Tom: Yeah. Listen, I mean, I've been at this a while. You look back at these hype cycles and the hysteria that ensues, going back to like object oriented programming. Object oriented programming that's going to save the entire planet between object oriented programming and web free slash blockchain. I know you're a big fan James.

James: Yeah! 

Tom: Chum in the water. This one is uniquely hysterical everything that's going on right now with AI ML. I really appreciate your comment also about how scary it is that we really have no effing idea how it really works. An honest researcher in that field, because I, you know, you pick up some of these papers, I stay curious and I look at some of the, some of the summaries and other cutting edge research and you look it up, you open it and it's just a lot of notation hacking, right? And people kind of trying to gussy it up with the patina of a lot of math and symbology. But honest researchers who do it will tell you, listen, dude, we have no, no understanding as to how a multi layer neural network actually does what it does. Zero. You know, so it's, uh, and in that context, here we are just all abuzz, all the flutter everywhere, AI for your business, AI for your bathroom, AI for your car, AI for your kitchen. It's kind of crazy. God help us! 

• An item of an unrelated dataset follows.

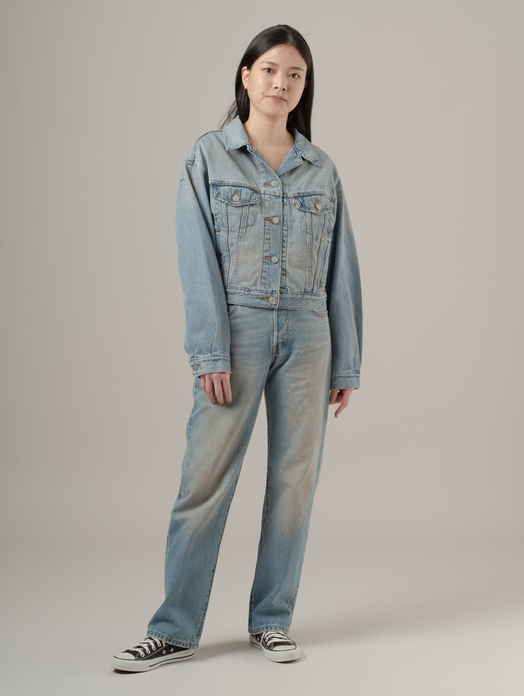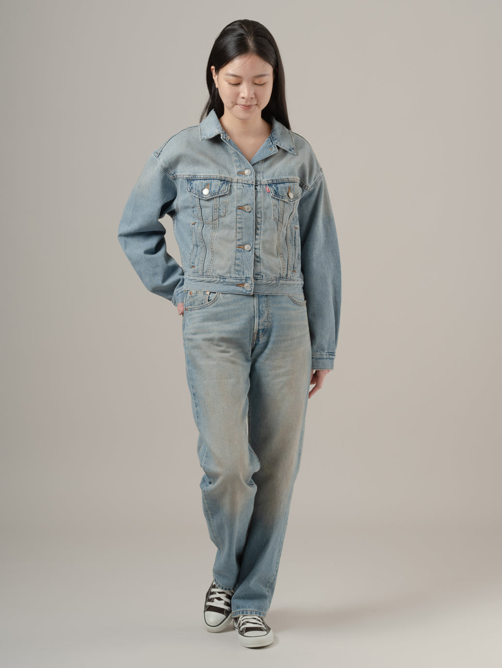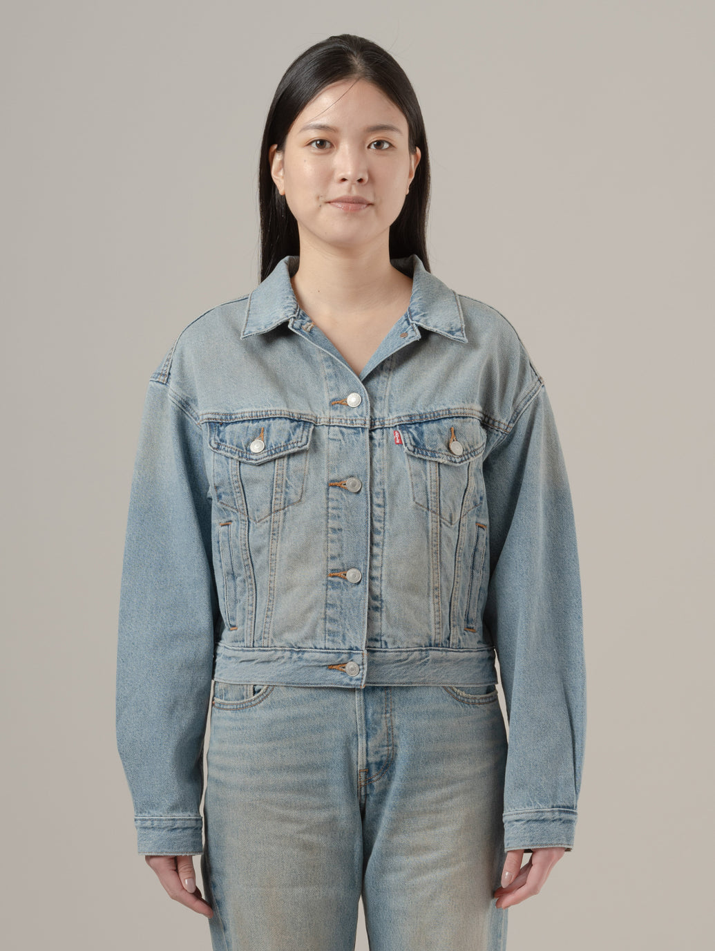 アイコニックな'90s トラッカージャケットをクロップド丈でアップデート。シンプルなシェイプで、着やすいウェイト、ボディラインに沿ったレトロなカットのシルエットが90年代風の雰囲気を演出します。デニムとのセットアップはもちろん、マキシ丈のワンピースやスカートとの相性も抜群 model:167cm B74 W61 H88 着用サイズ:S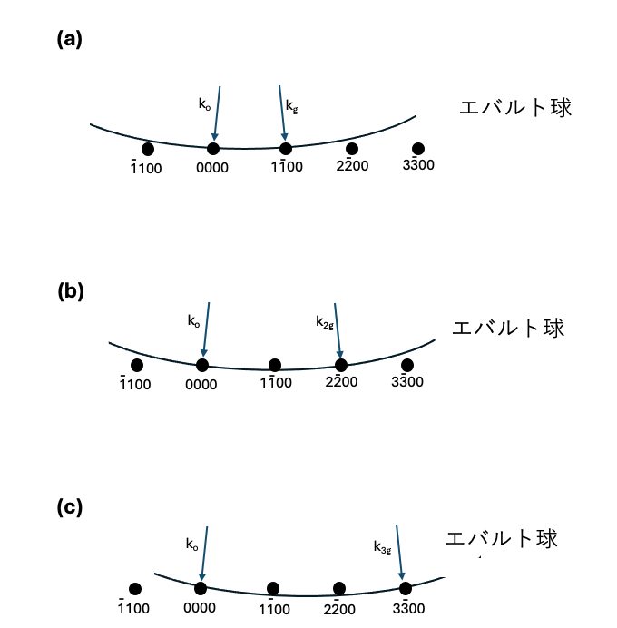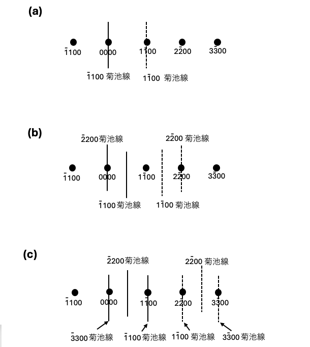 図3-7 実際に観察される回折図形。(a) 1100反射が回折条件を満たしている状態。(b) 2200反射が回折条件を満たしている状態。(c) 3300反射が回折条件を満たしている状態。

James: It's completely crazy. And I'll just say, by the way, like, this is one reason why I think that like people who dismiss the existential risk thing, they're going to be the first to go because like it is both true that there are immediate harms for people whose lives are currently impacted by machine learning systems, just to be clear. There are immediate harms that are being done in terms of like, you know, deciding who gets parole and deciding whose mortgages get, you know, um, hand out stuff like that. 

Tom: Right. 

James: But like when we talk about existential risk, right? The fact that we already have so many quote... I mean, I don't want to call them mundane to dismiss them, but we have so many sort of immediate negative impacts of AI that we see already. Why wouldn't we think that if we're not careful? Oh, you know, someone's going to hook up, you know, machine learning to, uh, you know, the Pentagon's a system for doing, you know, early warning or things like this. So I think that we should be concerned both about these sort of immediate near term harms as well as the existential risk stuff. I'll be wearing a sandwich board out by the, uh, the Harvard tea stop later on. If anybody wants to hear more about this, uh, exciting, positive filled philosophy. So cheers! 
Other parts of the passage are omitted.